Manusia tanpa bakat yang dipinggirkan. Diam di tengah keramaian tak tahu akan jadi apa aku
nantinya. Saat itu aku menyadari satu hal yang membuat waktu tiba- tiba serasa berhenti, aku
tidak memiliki bakat. Namun aku sadar menyerah bukanlah kunci untuk membuka pintu
bakatku yang masih terhalang dinding tebal yang disebut malas. Dari situ aku berusaha
mencoba segala hal di dunia ini untuk bisa menemukan bakatku. Walaupun aku tahu itu seperti
memindahkan matahari, tidak mungkin. Namun tidak ada pilihan selain berusaha, sebagai laki-
laki aku mulai dari sepak bola. Bagai burung gereja Setiap hari pulang sore untuk berlatih
hingga memantik api kemarahan orang tua yang berujung menjadi kurungan di rumah. Namun
sisi positifnya mungkin karena sering berlatih, saat itu untuk pertama kalinya aku merasa lebih
berkelas dari Bambang Pamungkas pemain sepak bola nasional terbaik kala itu. Aku langsung
mendaftar masuk tim inti sekolah dan menjalani latihan. Lalu apa yang terjadi? kini bukan
kupingku, tapi seluruh tubuhku meleleh entah karena marah atau malu semuanya tercampur
aduk. “Dasar bodoh yang benar dong ngumpannya”, “Woi yang bener nendangnya”, “Bisa gak
nggocek bola”, “Kalau gak bisa main bola mending keluar lapangan, ngrepotin tim aja”. Semua
kata itu dilontarkan hampir oleh semua anggota timku, seketika itu aku membenci pemain
idolaku Bambang Pamungkas, mungkin karena tak tahu pada siapa aku ingin melampiaskan
semua bubuk mesiu kotor dalam hatiku yang lagi-lagi tak jadi meledak. Aku seperti anak
penguin yang ditinggal oleh ayahnya dan tersesat entah kemana, tak berani berinteraksi dengan
orang lain karena tanpa bakat apa dayaku? Namun kejadian itu tak meruntuhkan niatku untuk
menghancurkan dinding yang menghalangi bakatku, disisi lain mungkin karena aku sangat
mengagumi sosok Jenderal Soedirman, salah satu pahlawan Indonesia yang tetap bergerilya
walau penyakit TBC terus menggerus tubuhnya.

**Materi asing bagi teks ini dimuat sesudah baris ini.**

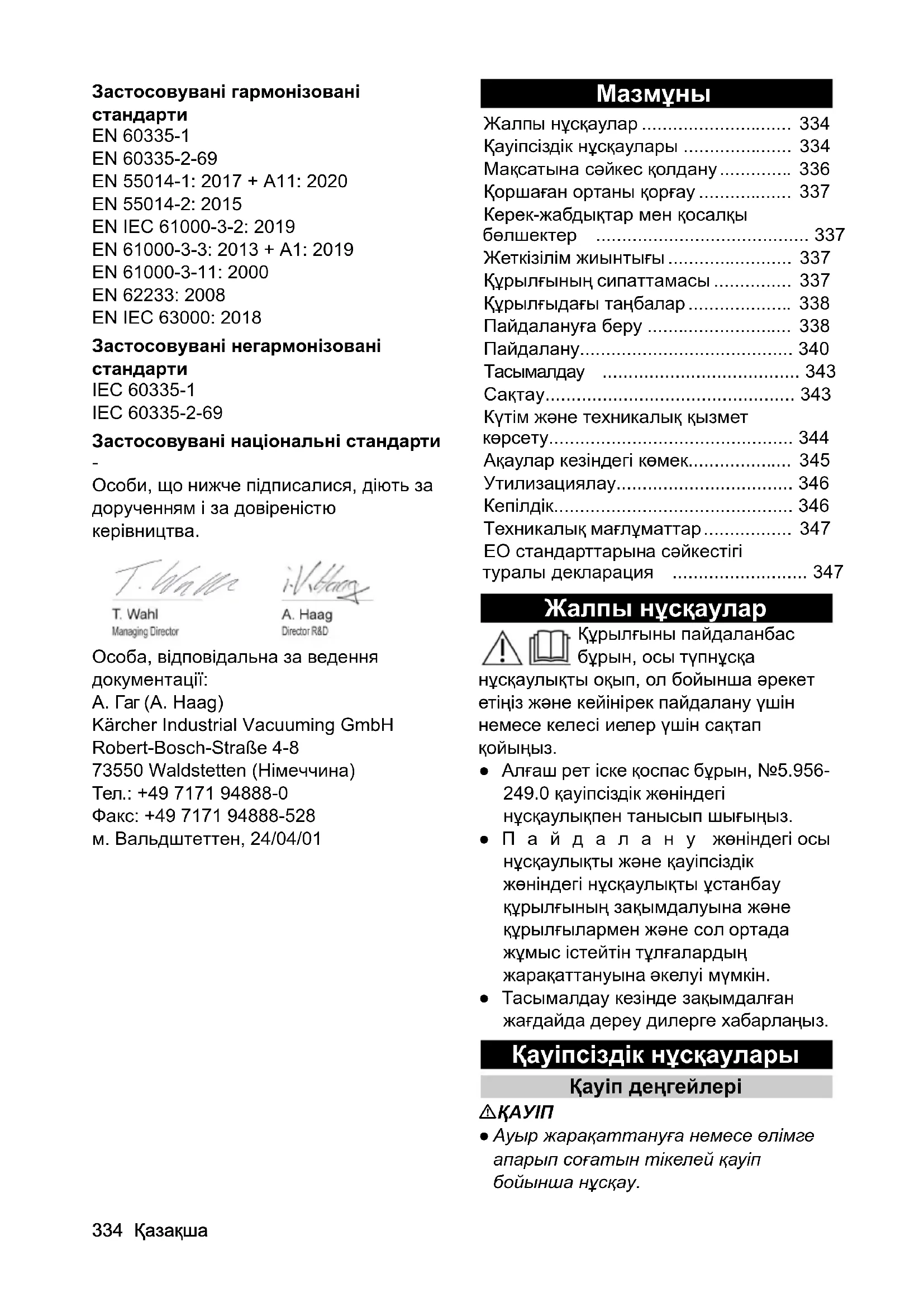 - Қауіпсіздік нұсқаулары p. 334

Jadi aku hanya berkata “Mungkin sepak bola
bukan bakatku”. Selanjutnya aku mencoba bulu tangkis karena dalam pikiranku sebagai orang
Indonesia harusnya aku bisa berjaya di olahraga ini. Aku mencoba bertanding dengan adik
kelasku dan apa yang terjadi? “Malu-maluin, masa kakak kelas kalah telak 2 set 21-7, mending
gak usah naik kelas”. Mungkin Tuhan sedang menguji kesabaranku sehingga lagi-lagi hanya
amarah dan rasa malu yang didapatkan. Kuingat kembali kisah Jenderalku dan kembali berkata
“Mungkin itu bukan bakatku”. Desaku dikelilingi sawah, dan untuk mengairi sawah itu
digunakan sungai kecil yang disebut ploen, disampingnya terdapat markas polisi dan koramil.

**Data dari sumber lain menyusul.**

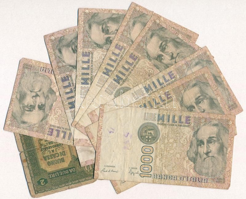 Italy / Venice / Austro-Hungarian occupation 1918. 2 Lire + Italy 1982. 1000 Lire (8x) C:VG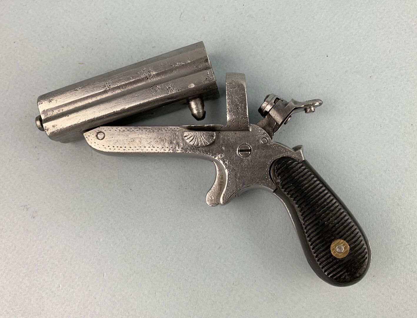 Pistolet de défense basculant à quatre canons, calibre 32, signé sur les canons « LOS HERMANOS VIZCAINOS – OVIEDO », percuteur rotatif à quatre positions, poussoir d’ouverture à gauche, carcasse acier, plaquettes postérieures, mécanisme fonctionnel

Bersama temanku wawan aku berusaha membuktikan bahwa aku mempunya bakat dengan
berenang di ploen itu, aku mencoba berenang pertama dan apa yang terjadi? tidak disangka aku
justru terbawa derasnya arus ploen tersebut. “Asyhaduanlaa illahaillallah waashaduanna
muhammadarasulullah”. Entah berapa kali terus kuucapkan kalimat itu dengan lantang karena
saat itu yang ada di pikiranku hanya seseorang yang sebelum mati membaca syahadat akan
masuk surga. Seketika itu tanganku tertarik ke atas dan ketika seluruh tubuhku sampai
kepermukaan aku baru sadar anggota koramil menolongku. Kulihat di sampingku wajah
wawan pucat. Mungkin ia takut akan kena amarah anggota koramil, walaupun aku pun tahu
pasti dia sempat tertawa melihatku terseret arus. Untungnya anggota koramil itu hanya
menasihati kami, walaupun sampai saat ini kejadian itu bak harta karun yang tidak pernah kami
ceritakan, karena kami takut orang tua kami tidak akan lagi mengizinkan kami bermain.